### Your task
Output the data unchanged and complete, minus the images.

"""

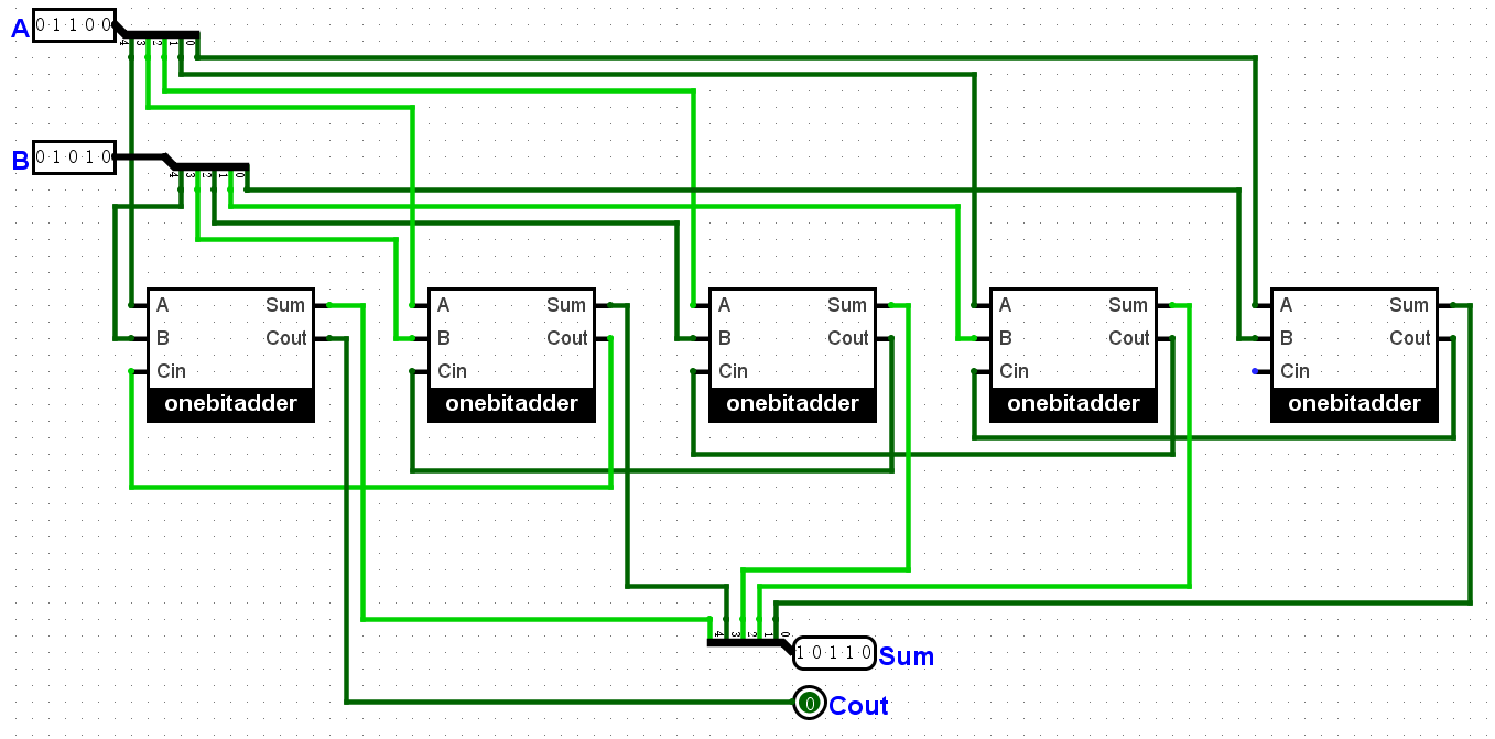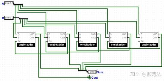看到小刚的设计被完整的实现,小明欣喜:“啊哈哈哈,吾有上将小刚,则霸业可成,汉室可兴啊!”他把黑盒子里的零件全拿了出来,四人忙碌地工作着。很快,他们拥有了5个全加器,基于小红的设计连了起来:
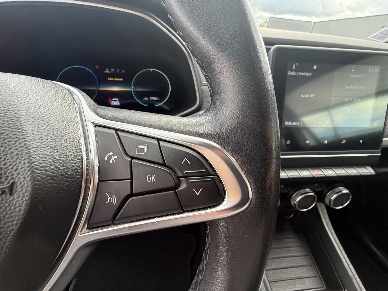 2 appuie-têtes arrière latéraux réglables en hauteur2 prises USB et prise Aux-In3 appuie-tête arrière réglables en hauteur6 haut-parleursABS avec aide au freinage d'urgenceAide au démarrage en côteAide au stationnement arrièreAirbags frontaux et latéraux conducteur et passagerAlerte de franchissement de ligneAllumage automatique des feux de détresseAssistance au maintien de voieBanquette arrière rabattable 1/3-2/3BluetoothBouton sur volant pour commande vocaleClignotants défilants à l'arrièreClimatisation automatiqueCondamnation automatique des ouvrants en roulantContrôle dynamique de trajectoire (ESP) avec fonction antipatinage (ASR) et contrôle de sous-virage (CSV)EASY LINK, écran multimédia 7”, compatible Android Auto et Apple CarPlayEssuie-glaces avant automatique avec détecteur de pluie et allumage automatique des feuxFeux arrière LEDFeux de jour à LED avec signature lumineuse en forme de "C"Frein de parking électrique avec fonction Auto-HoldGestion automatique des feux de route /feux de croisementJantes alliage 16” diamantées EridisLimiteur et régulateur de vitesse avec commandes au volantPoche aumônière au dos du siège passagerProgrammation de la charge et de la climatisation depuis le système multimédia EASY LINKProgramme Eco-modeProjecteurs avant Full Led Pure VisionRadio Numérique DABRangement bouteille 1,5 l dans portes avantReconnaissance des panneaux de signalisationRétroviseurs extérieurs électriques et dégivrantsServices connectés depuis l’application MY Renault: état de charge, préconditionnement de l’habitacle, planificateur de trajetSeuil de porte LimitedSon de prévention piéton Z.E. VoiceSystème de surveillance de pression des pneusSystème Isofix aux places latérales arrière et passager avantTableau de bord numérique 10’’ personnalisableVolant réglable en hauteur et en profondeur
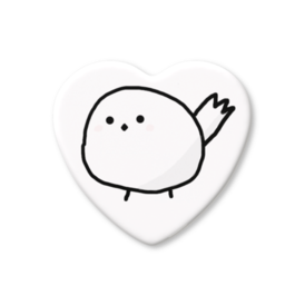 ハート缶バッジ - 57 × 52.5mm「がんばりすぎた日の、ふにゃふにゃシマエナガ。あなたの心に、そっと寄り添う脱力感。」 「完璧じゃないから、愛おしい。そんな一羽ができました。見てるだけで、力が抜けます」
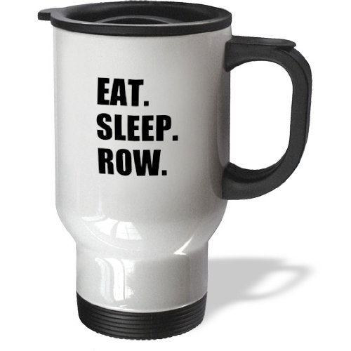 3dRose tm_180434_1 Eat Sleep Row-Fun Gift for Rowing Enthusiasts Rower Sport Black Text, Travel Mug, 14-Ounce, Stainless Steel
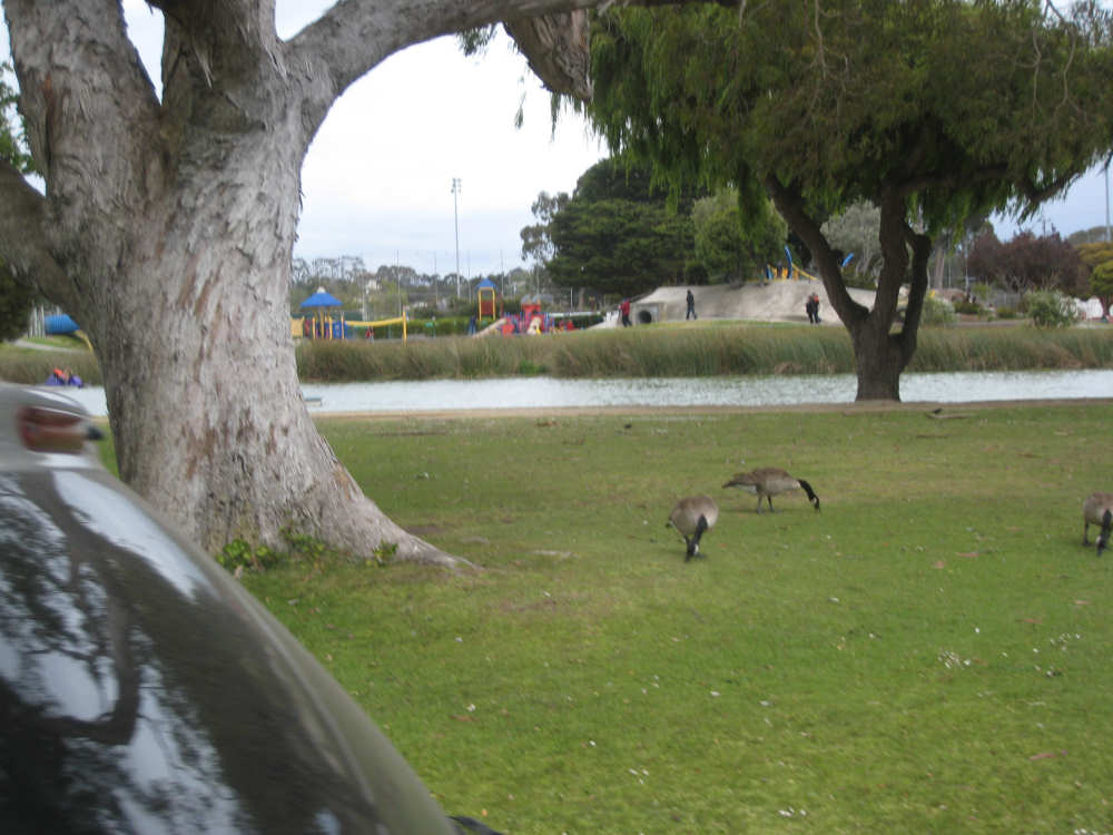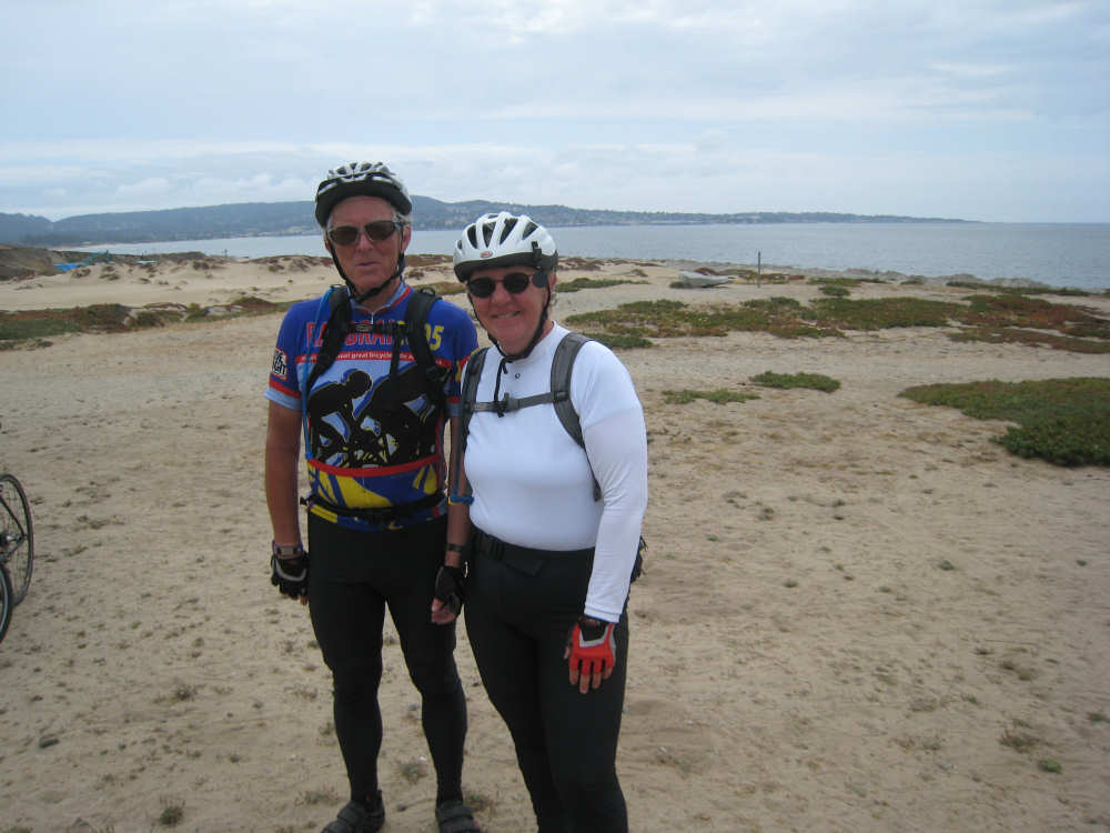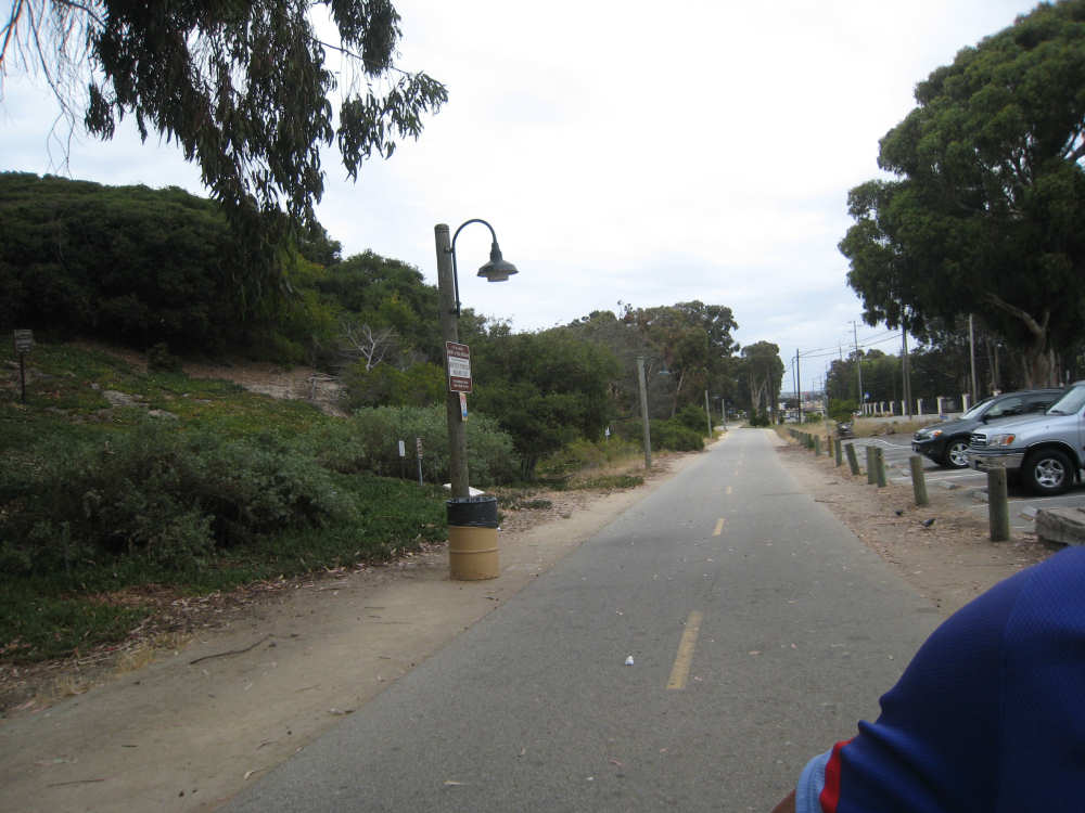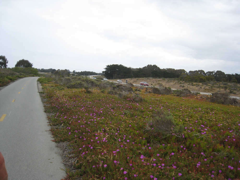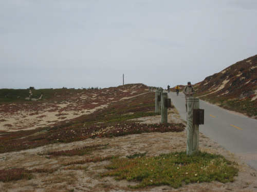 The bike path took us into Monterey and we came to the Monterey State Beach, which had a lovely park with a water channel through it. There were several people out in paddleboats on the water and walking, biking, and roller blading in the park. Our route took us away from Fisherman's Wharf and the Aquarium, which would have been nice to see, but the traffic in that area was pretty dense. So we went off on the bike path, which I expected to be very scenic, but after one spot with a good view of the Monterey Peninsula and the Bay, the water was hidden behind a wall of sand dunes. The dunes themselves were not very picturesque, and it was still very cloudy and chilly - it was a rather disappointing way to finish an otherwise wonderful day.

"""

### Exercise answer
看到小刚的设计被完整的实现,小明欣喜:“啊哈哈哈,吾有上将小刚,则霸业可成,汉室可兴啊!”他把黑盒子里的零件全拿了出来,四人忙碌地工作着。很快,他们拥有了5个全加器,基于小红的设计连了起来:
 2 appuie-têtes arrière latéraux réglables en hauteur2 prises USB et prise Aux-In3 appuie-tête arrière réglables en hauteur6 haut-parleursABS avec aide au freinage d'urgenceAide au démarrage en côteAide au stationnement arrièreAirbags frontaux et latéraux conducteur et passagerAlerte de franchissement de ligneAllumage automatique des feux de détresseAssistance au maintien de voieBanquette arrière rabattable 1/3-2/3BluetoothBouton sur volant pour commande vocaleClignotants défilants à l'arrièreClimatisation automatiqueCondamnation automatique des ouvrants en roulantContrôle dynamique de trajectoire (ESP) avec fonction antipatinage (ASR) et contrôle de sous-virage (CSV)EASY LINK, écran multimédia 7”, compatible Android Auto et Apple CarPlayEssuie-glaces avant automatique avec détecteur de pluie et allumage automatique des feuxFeux arrière LEDFeux de jour à LED avec signature lumineuse en forme de "C"Frein de parking électrique avec fonction Auto-HoldGestion automatique des feux de route /feux de croisementJantes alliage 16” diamantées EridisLimiteur et régulateur de vitesse avec commandes au volantPoche aumônière au dos du siège passagerProgrammation de la charge et de la climatisation depuis le système multimédia EASY LINKProgramme Eco-modeProjecteurs avant Full Led Pure VisionRadio Numérique DABRangement bouteille 1,5 l dans portes avantReconnaissance des panneaux de signalisationRétroviseurs extérieurs électriques et dégivrantsServices connectés depuis l’application MY Renault: état de charge, préconditionnement de l’habitacle, planificateur de trajetSeuil de porte LimitedSon de prévention piéton Z.E. VoiceSystème de surveillance de pression des pneusSystème Isofix aux places latérales arrière et passager avantTableau de bord numérique 10’’ personnalisableVolant réglable en hauteur et en profondeur
 ハート缶バッジ - 57 × 52.5mm「がんばりすぎた日の、ふにゃふにゃシマエナガ。あなたの心に、そっと寄り添う脱力感。」 「完璧じゃないから、愛おしい。そんな一羽ができました。見てるだけで、力が抜けます」
 3dRose tm_180434_1 Eat Sleep Row-Fun Gift for Rowing Enthusiasts Rower Sport Black Text, Travel Mug, 14-Ounce, Stainless Steel
 The bike path took us into Monterey and we came to the Monterey State Beach, which had a lovely park with a water channel through it. There were several people out in paddleboats on the water and walking, biking, and roller blading in the park. Our route took us away from Fisherman's Wharf and the Aquarium, which would have been nice to see, but the traffic in that area was pretty dense. So we went off on the bike path, which I expected to be very scenic, but after one spot with a good view of the Monterey Peninsula and the Bay, the water was hidden behind a wall of sand dunes. The dunes themselves were not very picturesque, and it was still very cloudy and chilly - it was a rather disappointing way to finish an otherwise wonderful day.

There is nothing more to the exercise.